WHAT YOU HAVE TO DO
The reply must contain exactly the lines below from the one with "クラッカーに素敵ディップ類、素敵パスタ、" down to the one with "- 用户进入登录界面,点击【重置密码】。", both included, and nothing more; please omit the pictures.

-- LISTED ENTRIES follows --

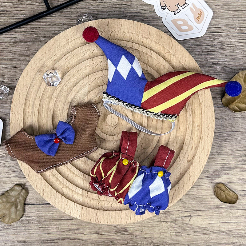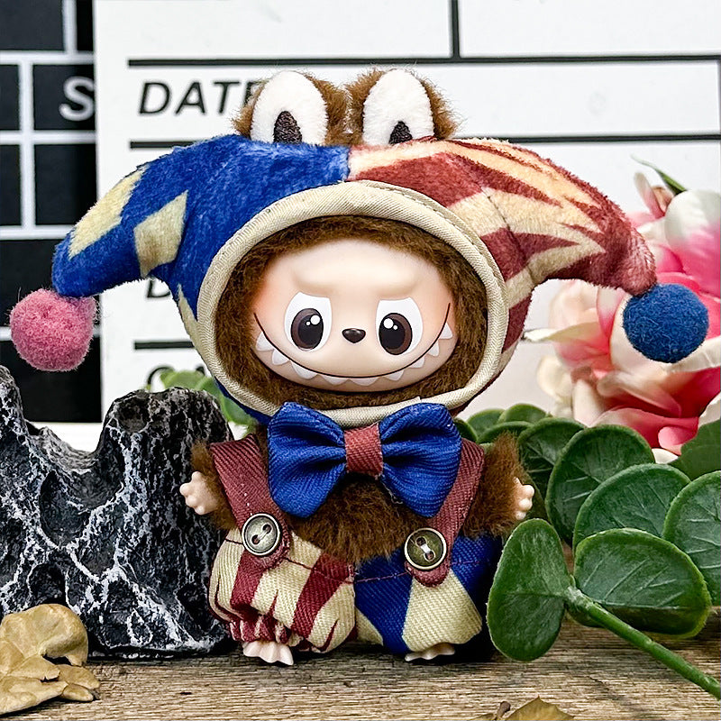 â¨ăVintage Circus Jester StyleăFeatures a color-blocked hat, striped romper, and contrasting bow tie, recreating the classic jester vibe. Pom-pom and button details turn Labubu into a eye-catching cosplay lookâ ideal for stunning photos.
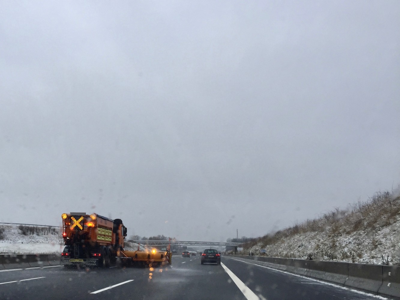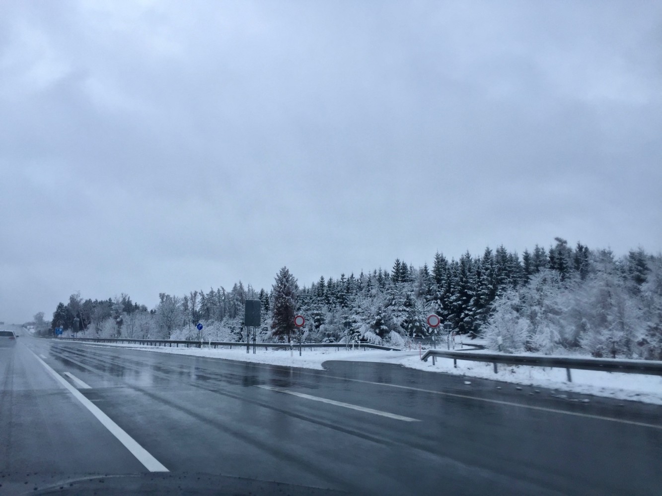 Reichlich 800 km liegen vor uns. Eigentlich kein Problem (eher "Wochenendausflugsradius"), aber das Wetter spielt nicht mit. Es regnet, schneeregnet, schneit seit Fahrtantritt und die Prognose verheißt nichts wirklich Gutes.
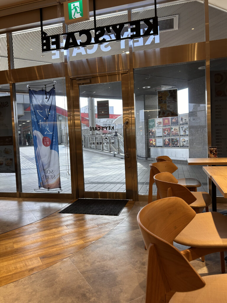 2階にあるキーズカフェさんです。こちらはJR王寺駅改札口からすぐ!!これは電車に乗り遅れることはない!
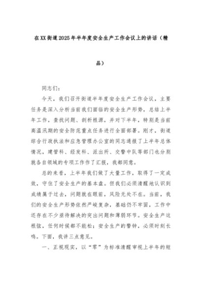 【七哥公文】2025年:在XX街道2025年半年度安全生产工作会议上的讲话(精品)+更多免费公文+VX:QiGeGongWen2024
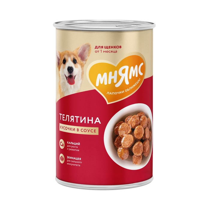 "Любознательным и подвижным щенкам на этапе роста особенно нужен сбалансированный и здоровый рацион. Кусочки в соусе с телятиной – такие мясные и такие сытные – помогут малышу всегда быть в активной форме, расти сильным и крепким и дарить счастье всем вокруг. Заботьтесь о своем щенке правильно вместе с «Мнямс».Приготовлено на пару Без искусственных красителей и ароматизаторов Без сои и гмо Без консервантов Кальций – для роста и развития, Эхинация – для сильного иммунитета"
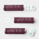 Cute wedding favor design with a minty pun features "mint to be" in white calligraphy script lettering with a heart dotting the "i," on a burgundy wine background. Personalize with your names and wedding date. Sweet play on words makes a unique and memorable wedding favor!
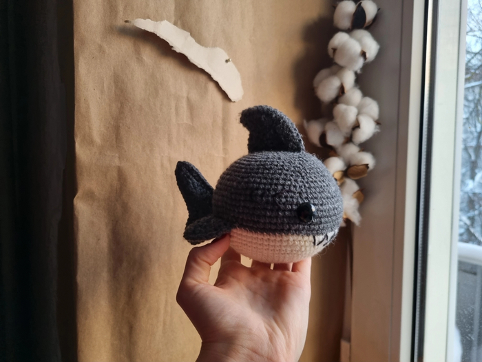 У меня был как раз довольно странный опыт с вязанием этой акулы, помню связала ее в наличие на ярмарку, но на следующий день она приобрела хозяина и сразу после этого я связала еще одну, и она снова уплыла от меня в добрые руки, после чего желание ее вязать вновь как-то пропало, ведь я думала, что ни одна акула так и не доживёт до ярмарки.
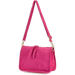 Różowa skórzana listonoszka damska włoska zamszowa kuferek Beltimore B64 różowy
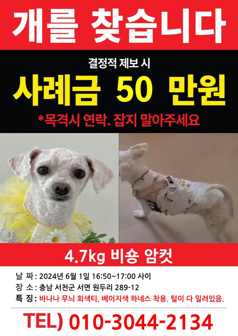 서천군 서면 원두리에서 잃어버린 강아지를 찾습니다
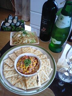 クラッカーに素敵ディップ類、素敵パスタ、
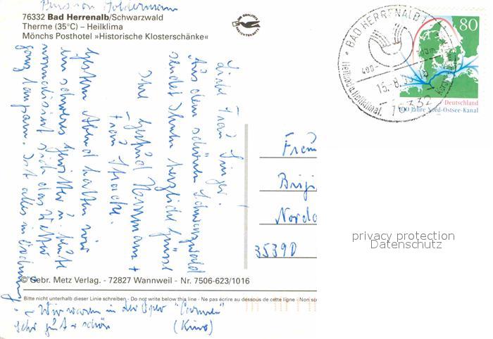 72899955 alte Postkarte Bad Herrenalb Moenchs Posthotel postalisch gelaufen Erhaltung siehe scans [NatalD47] KatCode: 11110008235033
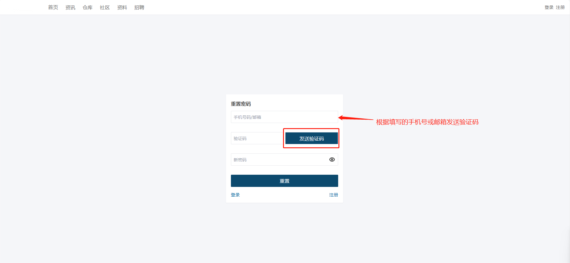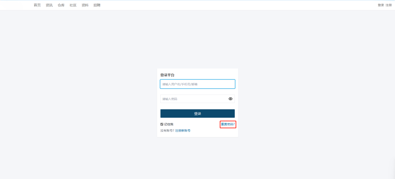 - 用户进入登录界面,点击【重置密码】。
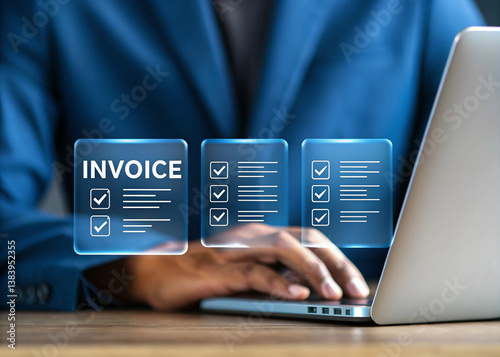 Professional businessperson typing on laptop with digital invoice overlay. Close-up of hands working on laptop with transparent invoice icons. Modern office workspace featuring digital invoices and te
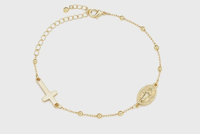 A timeless expression of faith, love, and encouragement. This delicate bracelet features a graceful cross paired with a classic faith medallion, symbolizing God’s protection, strength, and everlasting love. Designed as a meaningful reminder, this piece represents the deep bond between generations and the promise that she is never alone.
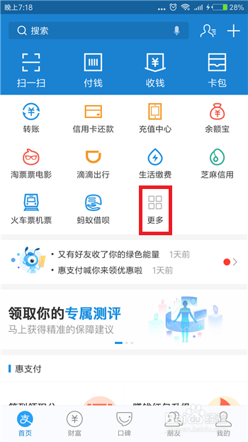 点击打开付出宝,在付出宝的首页中点击【更多】选项打开所有应用界面。

-- LISTED ENTRIES concluded --

SOLUTION
 クラッカーに素敵ディップ類、素敵パスタ、
 72899955 alte Postkarte Bad Herrenalb Moenchs Posthotel postalisch gelaufen Erhaltung siehe scans [NatalD47] KatCode: 11110008235033
 - 用户进入登录界面,点击【重置密码】。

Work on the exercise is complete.